Над изголовьем поэта шла ожесточенная, невидимая схватка. Предводитель нечистой силы, осознав, что Иван подошел к святая святых одного из величайших лукавств в мире, взялся за кончик той самой иглы, в которой, как известно, сокрыта жизнь даже Кощея Бессмертного. Ему, Ивану, что — он на пороге, он на пределе, ему ничего не страшно. И Лукавый употребил всю свою окаянную силу, чтобы лишить его разума. Ведь Иван все начинает понимать. Душой его он не завладел окончательно и, судя по всему, никогда не завладеет, а лишить разума хоть на минуту, хоть на час… И больше не надо, ибо потом пойдет-поедет, Русь-тройка еще раз обгонит в своих безумствах другие народы и государства. Дурак, как говорят на Руси, давку любит, свалка — для него простор.
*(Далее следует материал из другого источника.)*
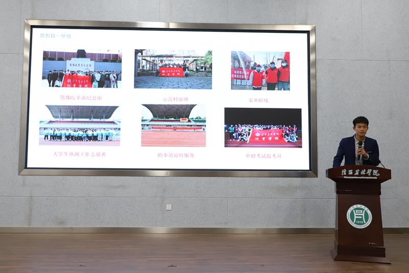 宣讲会上,22名最美大学生候选人分别从个人事迹出发,结合成长经历,谈理想、话奋斗、讲担当,讲述了他们在学习、工作、生活中的所思所悟。有为国防事业携笔从戎的爱国情、报国志;有面对疫情为同学、为家乡亲人的健康平安奋不顾身、勇往直前的志愿服务故事;有立足专业实践投身乡村振兴的科研励志典型,他们个个成绩优异,甘于奉献、积极投身社会实践,集中体现了信农学子的自信自强、积极昂扬向上的精神面貌,尽显新时代大学生的青春风采。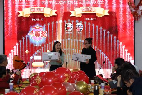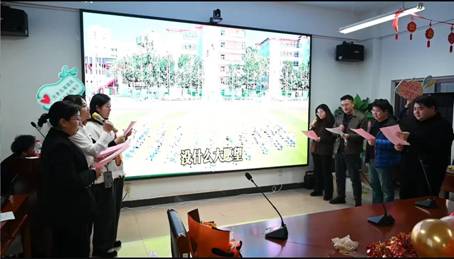 学院全体行政人员表演的《三句半》幽默风趣;数据科学与大数据技术教研室老师们则以饱满的热情唱响《国家》,抒发了大家的家国情怀;大学计算机基础课教研室全体教师表演的《精灵舞》灵动俏皮,尽显活力。最后,元旦座谈联欢会在全体辅导员合唱的《小美满》歌声中落下了帷幕。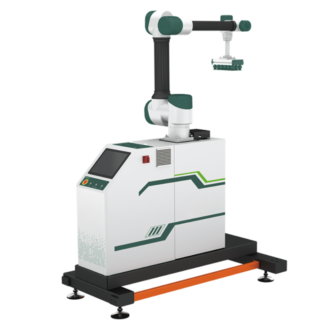 Este robô paletizador colaborativo foi desenvolvido para responder às necessidades de paletização em ambientes industriais leves, combinando inteligência, segurança e facilidade de implementação. Trata-se de uma solução versátil, ideal para empresas que procuram automatizar processos de fim de linha de forma rápida e eficiente.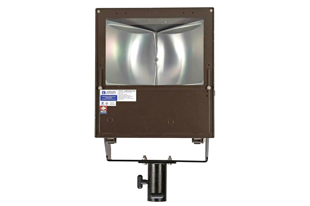 | Made in the USA The powerful and efficient HPSFL-1000W high pressure sodium light fixture from Larson Electronics produces 110,000 lumens of light in a wide flood pattern, is wet area rated and ideal for illuminating work spaces and open areas on a large scale.  This attractive high pressure sodium fixture from Larson Electronics is weatherproof and suitable for use in wet areas, making it an ideal lighting solution for parking lots, small fields, building exteriors and outdoor work areas. The lamp housing is constructed of die cast aluminum and features an anodized aluminum reflector, captive held lamp door, separate ballast compartment, stainless steel hardware and an attractive polyester powder coat finish. This unit is multi-voltage capable with an integral quad voltage ballast that is isolated within the housing. 1000 Watt high pressure sodium floodlights are also popular for use in hazardous locations and we carry a variety of such units. Please contact us using the information below for more information on hazardous location metal halides. | |||||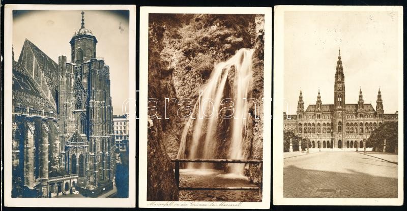 18 db régi, ausztriai városképes lap és egy 12 darabos képeslapos füze...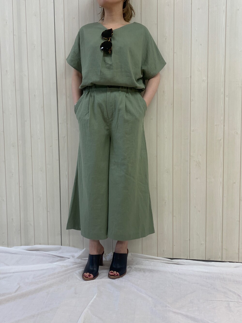 ウォッシャブルリネンレーヨン素材のイージーセットアップ。ヒールのある靴やシルバーアクセで引き締めてみました。
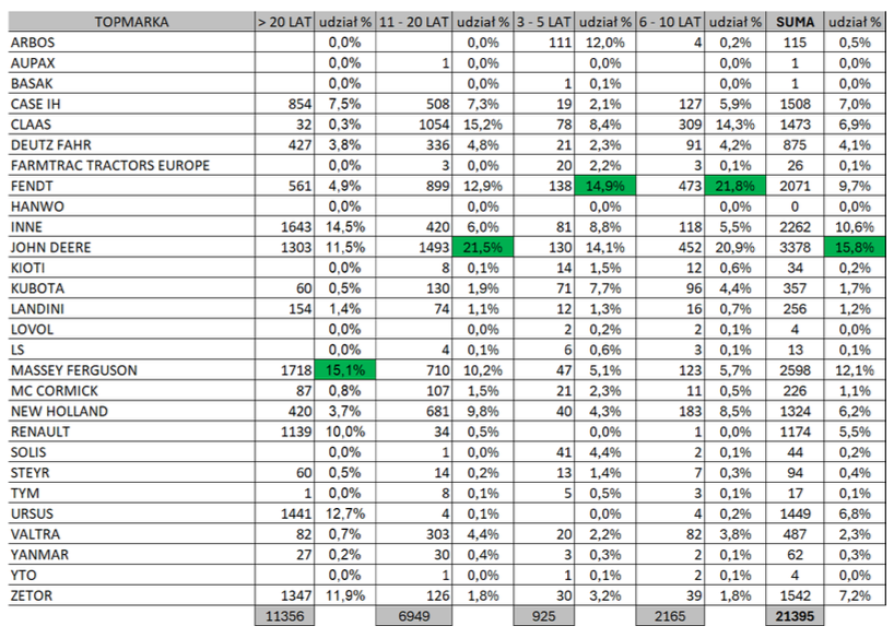 John Deere jest szczególnie mocny w segmencie 11–20 lat, gdzie osiąga aż 21,5% udziału w rynku. To dowód, że modele tej marki zachowują wysoką wartość użytkową nawet po kilkunastu latach pracy.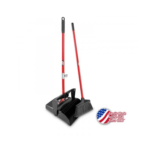 - 12" WIDE DUST PAN. 36" TALL WHEN OPEN. COMBO UNIT WITH #915 LOBBY BROOM. BROOM STORES INSIDE PAN AND CLIPS TO HANDLE. LOCKS IN UPRIGHT POSITION FOR EASY STORAGE. BUILT-IN TILT WHEN OPEN ALLOWS USER TO LEAVE OPEN.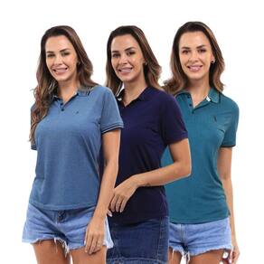 Camisa Polo Feminina Manga Curta Piquet Moderna Leve Kit 3 - Azul doce - G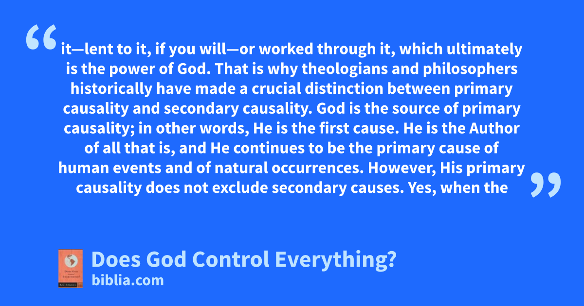 it—lent to it, if you will—or worked through it, which ultimately is the power of God. That is why theologians and philosophers historically have made a crucial distinction between primary causality and secondary causality. God is the source of primary causality; in other words, He is the first cause. He is the Author of all that is, and He continues to be the primary cause of human events and of natural occurrences. However, His primary causality does not exclude secondary causes. Yes, when the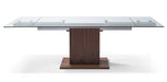 CONTEMPORARY GLASS EXTENDABLE PEDESTAL DINING TABLE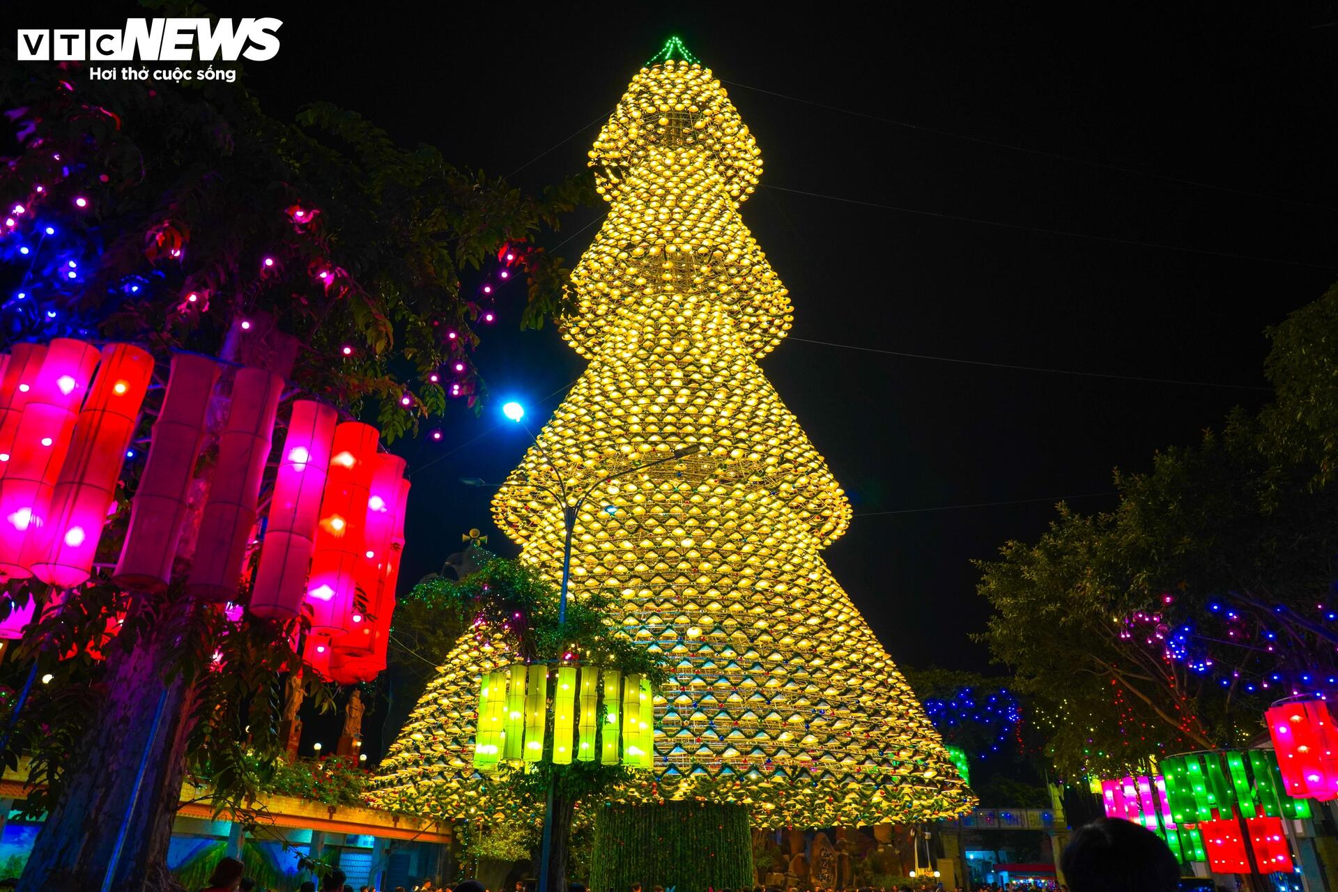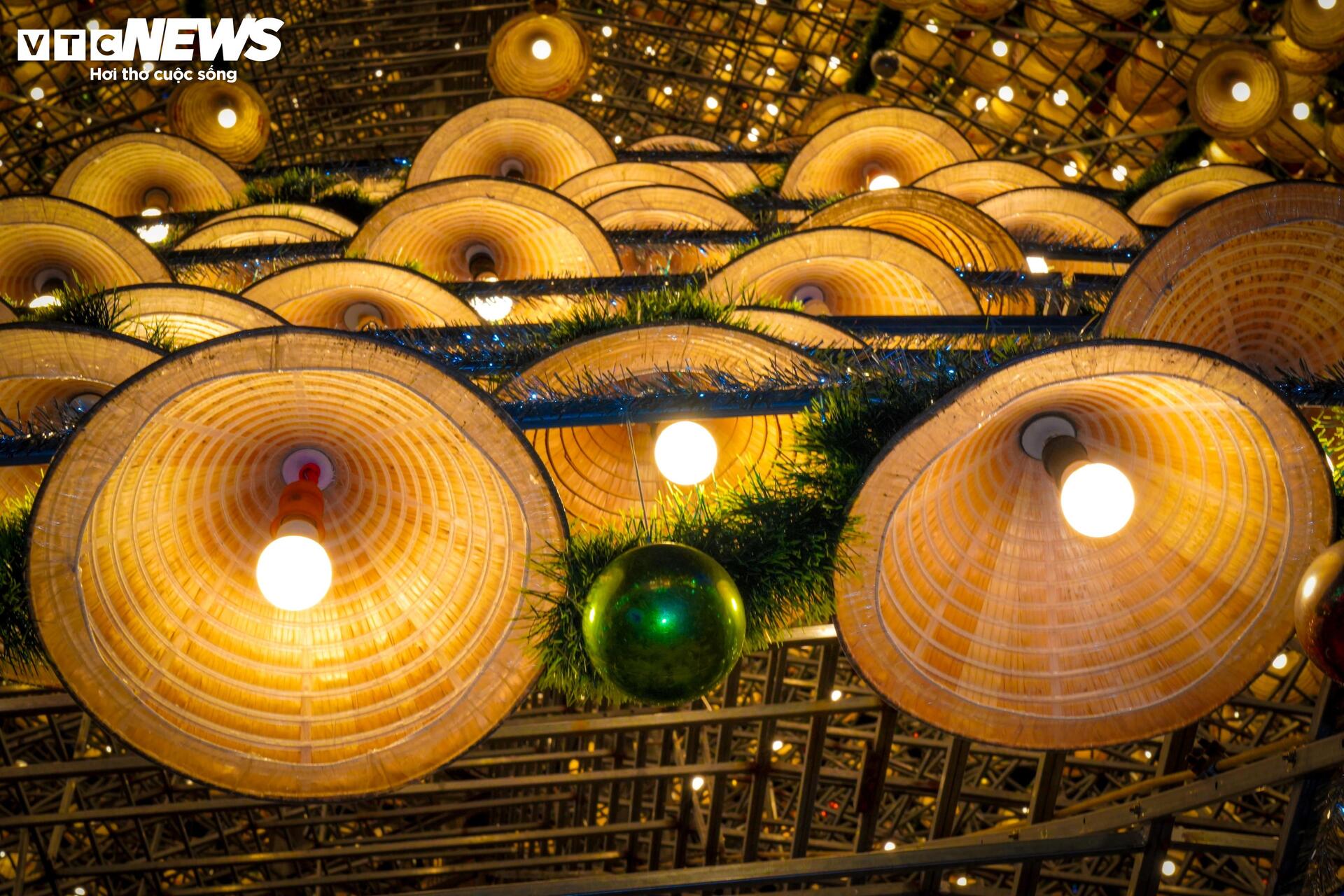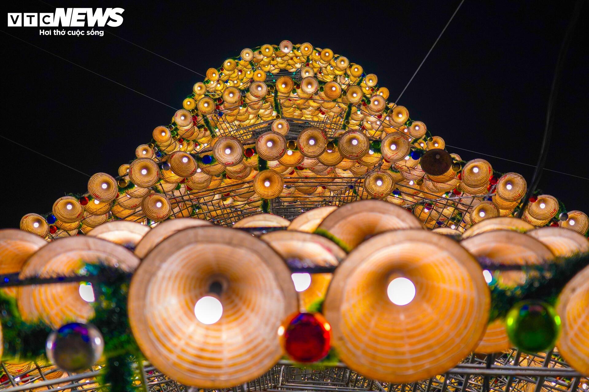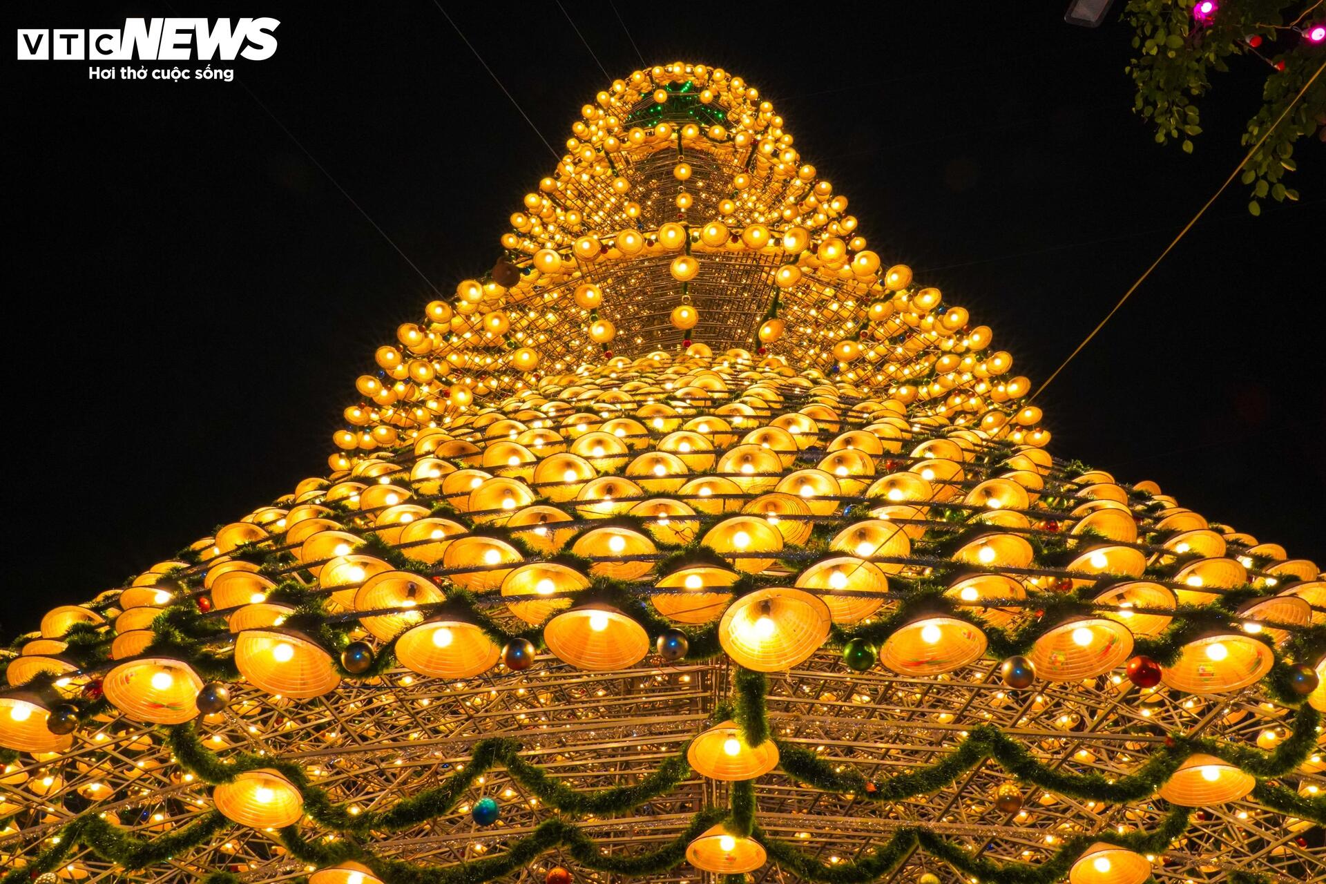 Độc đáo cây thông Noel kết từ 3.800 chiếc nón lá ở Đồng Nai.

Великий Дедка в качестве Духа Неглинского кружил над изголовьем Ивана, не вступая в борьбу. Он мог бы навевать Ивану сон золотой, однако не стал этим заниматься, а оставил один-на-один с нечистой силой — верил в его дух и силу. Он знал многое наперед, в том числе и то, что не совладать Лукавому с Иваном.

Читатель, надеется публикатор, не забыл, как заканчиваются у нас романы. Уходом. Уходом вдаль, в горизонт, вплоть до исчезновения.

Не будем оригинальничать и мы. Ибо Иван Петрович тоже уходил. Но не вдаль. Он уходил ввысь.

Иван Где-то стоял перед неширокой лестницей без перил. Ступеньки были покрыты белой-белой ковровой дорожкой с черными и золототкаными узорами по бокам. Такой красоты не было и в Кремле. Середина дорожки была белее снега, и по ней мог подниматься только один человек. Иван Петрович почему-то знал, что лестница эта предназначается для каждого, но подниматься по ней можно лишь в одиночку.

C невероятным трудом, преодолевая миллионно тонную тяжесть в ногах и слабость во всем теле, шатаясь от бессилия, он осилил первую ступеньку. Дорожка была настолько белоснежной, что он оглянулся, проверил, не наследил ли. Первая ступенька, она была самая важная из всех — ступенька выбора, была чистой, как прежде. Миллион тонн остался на ней, но вторая была нисколько не легче, а сил ведь оставалось меньше. И тут Иван Где-то поднял голову, чтобы посмотреть, сколько ему подниматься. Лестница без всяких опор уходила в небо и терялась в нем. В ней миллионы ступенек, подумал о них почему-то привычно Иван.

Он в самом начале пути, и по этой дороге идти ему тысячи лет. И еще он привычно, как бы заранее знал это, подумал, что это дорога не в рай и не в ад, поскольку со всеми благими намерениями он расстался, не от обезьяны и не к обезьяне, а такой неодолимый и такой необходимый великий путь к Абсолюту.